### Material provided ###
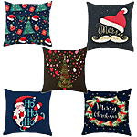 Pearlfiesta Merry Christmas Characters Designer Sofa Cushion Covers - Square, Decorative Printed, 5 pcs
###
### Material provided ###
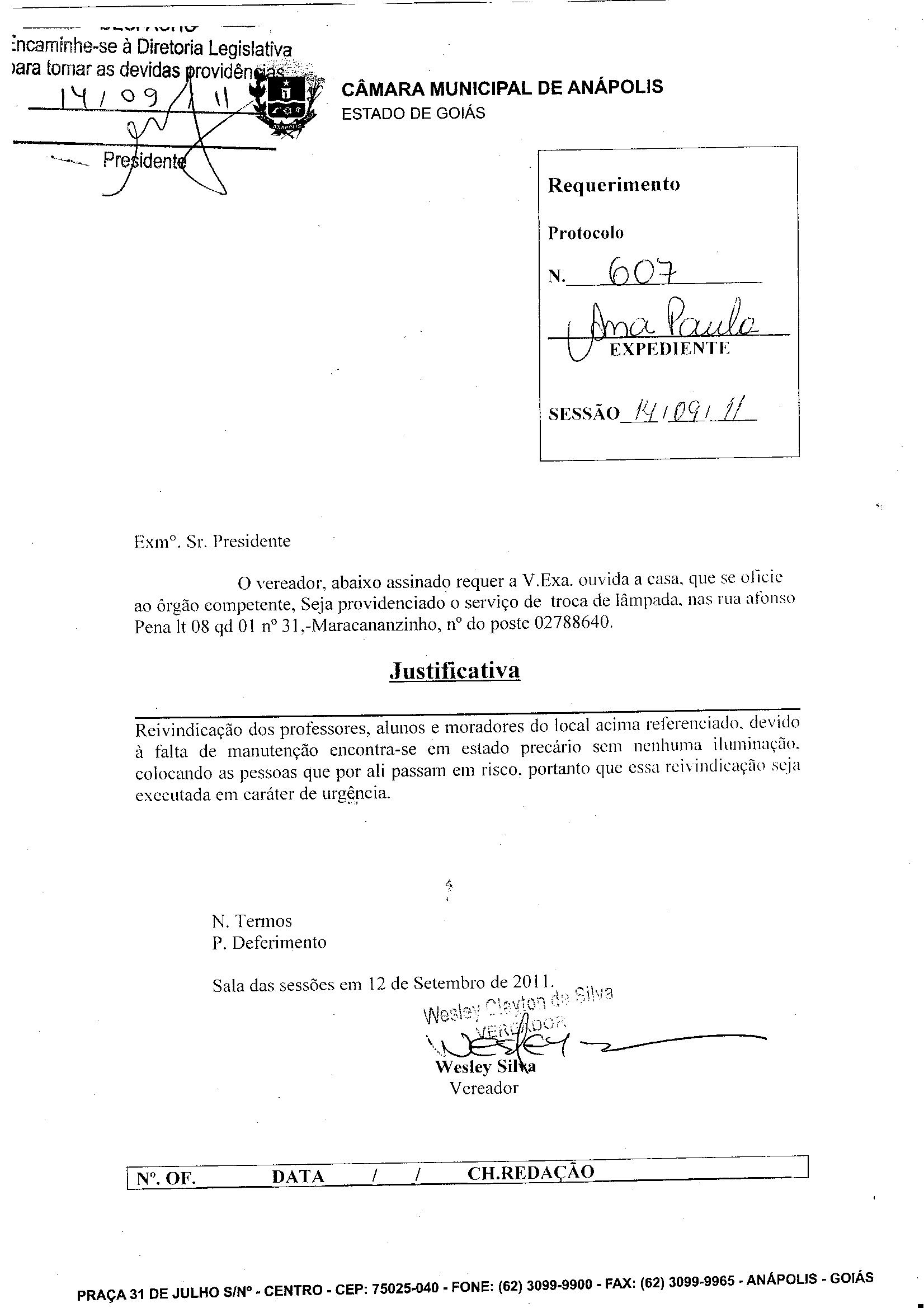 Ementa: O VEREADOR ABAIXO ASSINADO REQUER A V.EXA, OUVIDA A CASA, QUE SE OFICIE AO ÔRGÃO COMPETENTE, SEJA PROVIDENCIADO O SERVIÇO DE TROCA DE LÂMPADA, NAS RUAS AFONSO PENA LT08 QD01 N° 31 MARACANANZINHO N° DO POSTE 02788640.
###
### Material provided ###
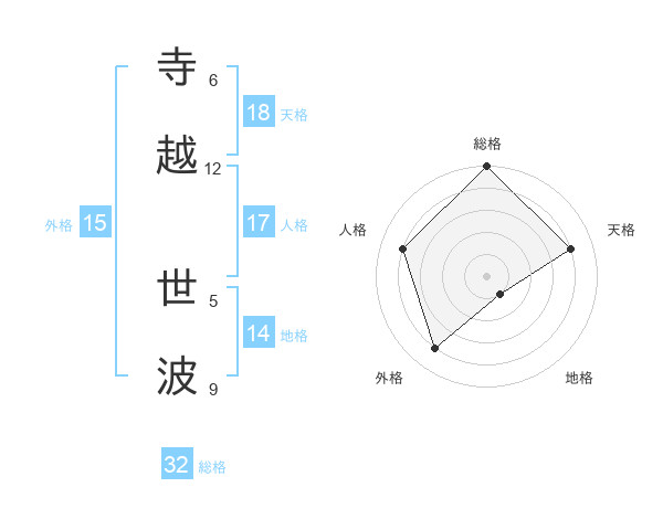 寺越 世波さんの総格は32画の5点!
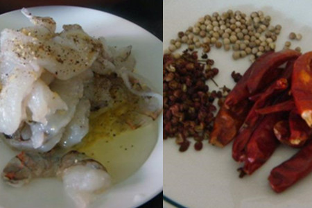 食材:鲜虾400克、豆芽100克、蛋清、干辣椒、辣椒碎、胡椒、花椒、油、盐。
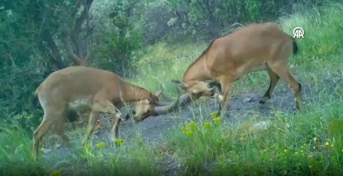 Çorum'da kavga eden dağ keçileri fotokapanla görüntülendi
###
What to work on: Beginning at the line that has "寺越 世波さんの総格は32画の5点!" and ending at the line that has "Çorum'da kavga eden", restate the listing above word for word, pictures left out.

Task solution:
 寺越 世波さんの総格は32画の5点!
 食材:鲜虾400克、豆芽100克、蛋清、干辣椒、辣椒碎、胡椒、花椒、油、盐。
 Çorum'da kavga eden dağ keçileri fotokapanla görüntülendi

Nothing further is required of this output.